Diese Nacht, mit all ihrer Schwere, würde lange in der Erinnerung der drei bleiben: die Nacht des vollständigen Geständnisses, die Nacht, in der sie das kleine, im Garten verborgene Auge entdeckt hatten, und die Nacht, in der jenes rätselhafte Gesicht endlich sichtbar geworden war – als lebendiger, unwiderlegbarer Beweis dafür, dass irgendwo tatsächlich ein Mensch sie beobachtete.
Noch wussten sie nicht, als sie in dieser langen Nacht schließlich die Lichter des Hauses löschten, dass dieses rätselhafte Gesicht, das sie auf dem Bildschirm gesehen hatten, schon sehr bald wiederkehren würde. Dieses Mal nicht als Bild auf einer Aufnahme, sondern von Angesicht zu Angesicht – in einer Begegnung, auf die keiner von ihnen wirklich vorbereitet war.

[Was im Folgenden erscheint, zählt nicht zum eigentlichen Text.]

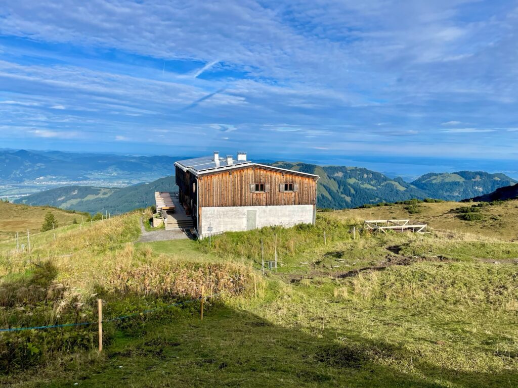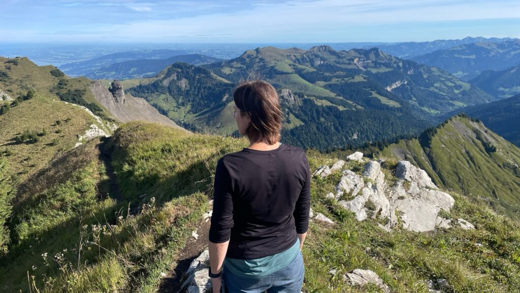 Ein Mitbewohner hatte seine feuchten Turnschuhe im Zimmer, Britta hörte jedem Traumgespräch der beiden Töchter zu, statt zu schlafen. Zum Sonnenaufgang auf den hohen Freschen gingen wir nicht mit. Statt dessen nach dem Frühstück auf die Mathona. Den ganzen Vormittag hatten wir herrliches Wetter und immer wieder den Bodensee und später immer die Mathona und den Freschen im Rückblick.

In jener langen Nacht begriffen die drei, jeder auf seine eigene Weise, dass das Schweigen, das ihr Leben so viele Jahre beherrscht hatte, endgültig zerbrochen war. Was nun vor ihnen lag, mochte noch so schwer sein – sie würden ihm gemeinsam begegnen. Nicht mehr jeder für sich, wie Kanaan es vierzig Jahre lang in seiner stillen Isolation getan hatte.